117. En ce qui concerne l'injonction d'information des collectivités publiques, le Conseil a estimé que les sociétés du groupe Decaux n'avaient pas exécuté l'injonction, la remplaçant par des commentaires fallacieux et menaçants à l'égard des collectivités publiques désireuses de saisir la justice administrative, seule compétente pour modifier les contrats administratifs en cours, comme le Conseil le suggérait. Concernant ce dernier point, le Conseil a notamment rappelé que le Tribunal administratif de Rennes a rejeté la requête de la société JC Decaux lui demandant de condamner la ville de Rennes à lui verser une indemnité de 22 millions de francs, augmentée des intérêts, en réparation du préjudice lié au retrait de mobiliers avant la date prévue dans des avenants.
118. En agissant de la sorte, non seulement le groupe Decaux n'a respecté ni l'injonction d'information des collectivités publiques sur les modifications apportées aux clauses-types ni les injonctions relatives au remplacement de ces clauses, mais, de plus, il a tenté de priver de tout effet utile la décision du Conseil.

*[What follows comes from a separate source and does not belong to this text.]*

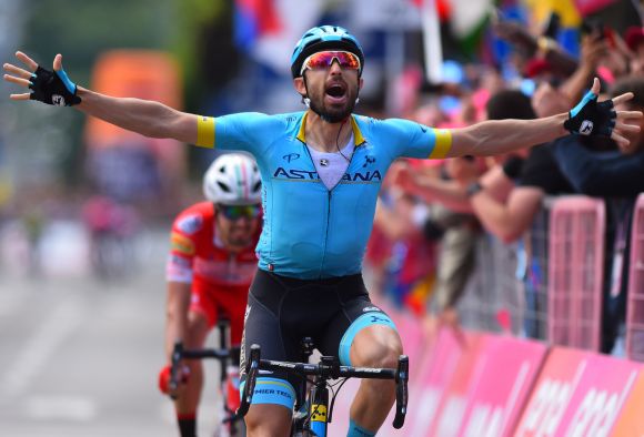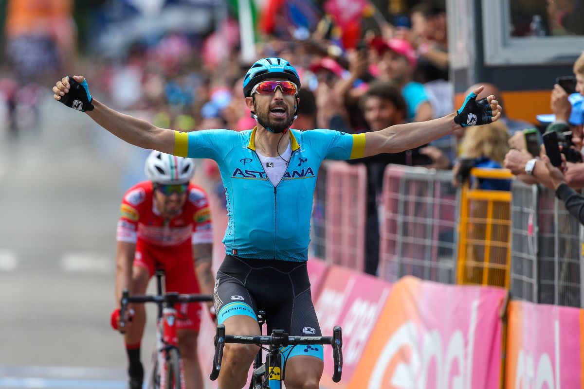 Team Astana rider Dario Cataldo took a heroic victory yesterday on the streets of Como at stage 15 of the Giro d’Italia. After a few days of illness, Cataldo was able to move himself in a breakaway together with the Italian rider Mattia Cattaneo. Spending all day long in the leading group, at the finish line in Como Dario outsprinted his breakaway companion, taking the most important win in his professional career.

119. En conséquence, compte tenu de la gravité des pratiques anticoncurrentielles mises en œuvre par les sociétés du groupe Decaux et de la prolongation de ces pratiques malgré les injonctions décidées par le Conseil, ce qui confère à l'ensemble une gravité exceptionnelle, le Conseil a décidé d'infliger aux sociétés du groupe Decaux des sanctions pécuniaires d'un montant global de 10 millions d'euro.
Décision
Article 1er : Il est établi que les sociétés JC Decaux SA, JC Decaux Mobilier Urbain, SOMUPI, SOPACT et SEMUP n'ont pas exécuté les injonctions prononcées par le Conseil de la concurrence dans sa décision du 7 juillet 1998.
Article 2 : Sont infligées les sanctions pécuniaires suivantes :
* à la société JC Decaux SA une sanction de 6 400 000 euro ;
* à la société JC Decaux Mobilier Urbain une sanction de 2 750 000 euro ;
* à la société SOMUPI une sanction de 250 000 euro ;
* à la société SOPACT une sanction de 170 000 euro ;
* à la société SEMUP une sanction de 430 000 euro ;
Article 3 : Dans un délai de deux mois à compter de la notification de la présente décision, la société JC Decaux SA adressera une lettre à chacune des collectivités avec lesquelles les sociétés du groupe Decaux entretiennent des relations contractuelles. Le texte de cette lettre comportera, exclusivement, les visas de la présente décision, le texte énoncé aux paragraphes n° 114 à n°119 et le dispositif, sous le titre : " Décision n° 05-D-36 du 30 juin 2005 relative au respect par le groupe Decaux des injonctions prononcées par le Conseil de la concurrence le 7 juillet 1998 ". Cette lettre sera en format A4 et en caractères Times New Roman de dimension 12, noirs sur fond blanc.
Article 4 : La société JC Decaux SA fera publier les visas de la présente décision, le texte énoncé aux paragraphes n°113 à n°119 et les articles 1er et 2 du dispositif, dans " La Gazette des communes, des départements et des régions ". Cette publication sera effectuée en caractère gras, noirs sur fond blanc de 5 millimètres de hauteur dans un encadré sous le titre : " Décision n° 05-D-36 du 30 juin 2005 relative au respect par les sociétés du groupe Decaux des injonctions prononcées par le Conseil de la concurrence le 7 juillet 1998".
Article 5 : La société JC Decaux SA adressera au bureau de la procédure du Conseil, au plus tard le 20 octobre 2005, copie de la publication prévue à l'article 4, dès sa parution et au plus tard le 20 octobre 2005.